L’expertise de pointe acquise par Hydro-Québec dans toutes les sphères d’activité touchant l’inspection, l’entretien et la maintenance des installations électriques lui a permis d’exporter son savoir-faire technique et scientifique partout sur le globe. Ce type d’innovations est également ce qui permet le maintien des plus hauts standards. « Travailler sur un réseau sous tension, ici ou ailleurs, représente une économie importante. On a réussi à le faire grâce à une expertise unique au monde », conclut Serge Montambault.

 

COMMENT INSTALLE-T-ON UN ROBOT SUR UN RÉSEAU EN TENSION ?

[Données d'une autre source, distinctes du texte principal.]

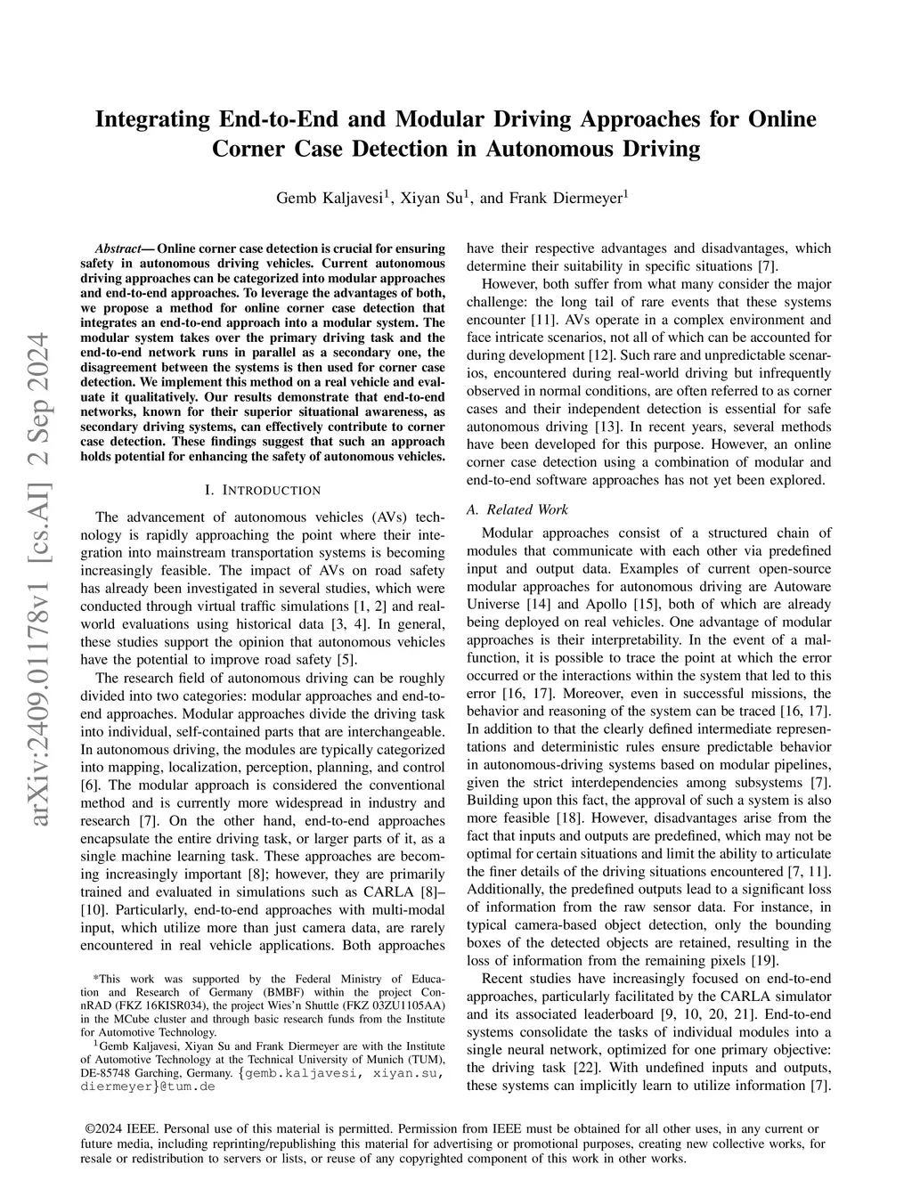 Integrating End-to-End and Modular Driving Approaches for Online Corner

Arrivé au chantier, un premier monteur de ligne grimpe dans le pylône, y installe une poulie et glisse un câble isolant dont les extrémités se rendent au sol. Une extrémité du câble est attachée au treuil du camion, tandis que l’autre est attachée au robot. En actionnant le treuil, le robot, qui peut peser jusqu’à une centaine de kilos, se voit soulevé. Une fois le robot hissé à la hauteur du conducteur, la personne attachée au pylône utilise une tige isolée pour le pousser et l’arrimer à la ligne sous tension. Le robot n’est pas isolé du câble, mais ses systèmes le sont par le biais des boucliers électromagnétiques et des stratégies de mise à la terre. L’inspection peut alors débuter en toute sécurité.

 

DES DRONES À TOUTE ÉPREUVE

Toujours dans l’objectif de concevoir de nouveaux systèmes en mesure de faciliter l’entretien du réseau, l’équipe de l’IREQ travaille actuellement sur les derniers détails d’un prototype de drone capable de se poser directement sur les câbles en tension. « C’est notre plus imposant défi en 20 ans. Une fois posé, l’appareil doit rouler sur le fil et prendre des mesures; un exploit auquel personne ne croyait dans l’industrie, mais nous l’avons fait avec le LineDrone. Nous effectuons actuellement des tests et nous sommes en période d’essais depuis deux ans sur notre réseau. Jusqu’à présent, on peut dire que le drone répond très bien. L’installation se fait en trois minutes et permet de passer tous les obstacles. La charge utile est cependant faible sur les drones; au-delà de deux ou trois kilos, ils peinent », note Serge Montambault. On peut citer d’énormes avantages à l’utilisation des drones, mais de par la durée des batteries et la capacité de charge qui ne dépasse pas les 2 à 3 kilos, la technologie demeure complémentaire au LineScout, qui peut transporter 10 kilos de charge utile.